9. Step Up Your EMIs & Payments

Your income will keep increasing with time. This would allow you to make higher loan payments with time which, in turn, will help you get out of debt earlier. So make use of your investment income, annual hikes, windfalls, bonus incomes, and increase in salaries to make pre-payments on your loans or to step up your EMI. Pre-payments are normally charge-free on floating rate home loans but may attract charges on car loans, personal loans etc. However, getting out of debt is your objective, and pre-paying will help you reduce your interest out-go.

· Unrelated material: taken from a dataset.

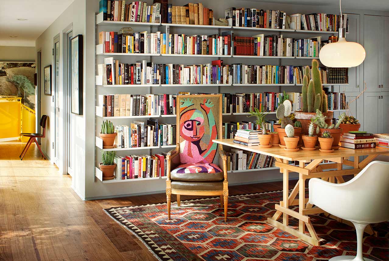 The Archers, Silver Lake House, for video producer Sharon Oreck and cinematographer Bill Pope, library, Los Angeles, California, completed in 2017.

10. Look For Ways To Increase Your Income

Make an effort to try and secure a second job to earn an additional stream of income. The idea is to allocate your secondary income towards debts in order to settle them quickly. There are several ways with which you can earn an additional income. Find a gig that is relevant to your background, skills, and knowledge.

11. Avoid Loan Settlements

When you are financially strained and unable to repay your debts, your lender may offer you a loan settlement option. It would allow you to pay part of your dues (normally the whole principal dues and none or part of your interest dues) and consider the loan “settled”. A loan settlement will get the recovery agents off your back, but the settlement will continue to reflect on your credit report, making future borrowings very difficult.

12. Get No Dues Certificate

Once you’ve repaid a loan, ensure you get a no-dues certificate from your bank and lender. This document certifies that you have settled your dues in full and that there is no controversy over this fact. If your loan was securitised, ensure you have collected the pledged collateral back. It could be collecting your property documents, getting rid of the lien on a fixed deposit, or removing the hypothecation on your car. This is absolutely necessary, and there should be no doubts whether your dues are cleared or not.

13. Keep Track Of Your Credit Score

A healthy credit score is the hallmark of a good borrower. These days, the best loan offers are reserved for borrowers who have a credit score of 750 or more. If your score is below this mark, you should ascertain the reasons for it. This may be because you have borrowed too much, or have late payments, defaults, and loan settlements. Therefore, at least every quarter, and especially after the closure of any loan account, you should refer to your credit report to ascertain that its details are as per your expectations.

It is very important for you to believe that there is a way out of any kind of debt-laden situation. While it may take some time, do remember that if you can create a plan and stick to it, you will be able to pay all your debts.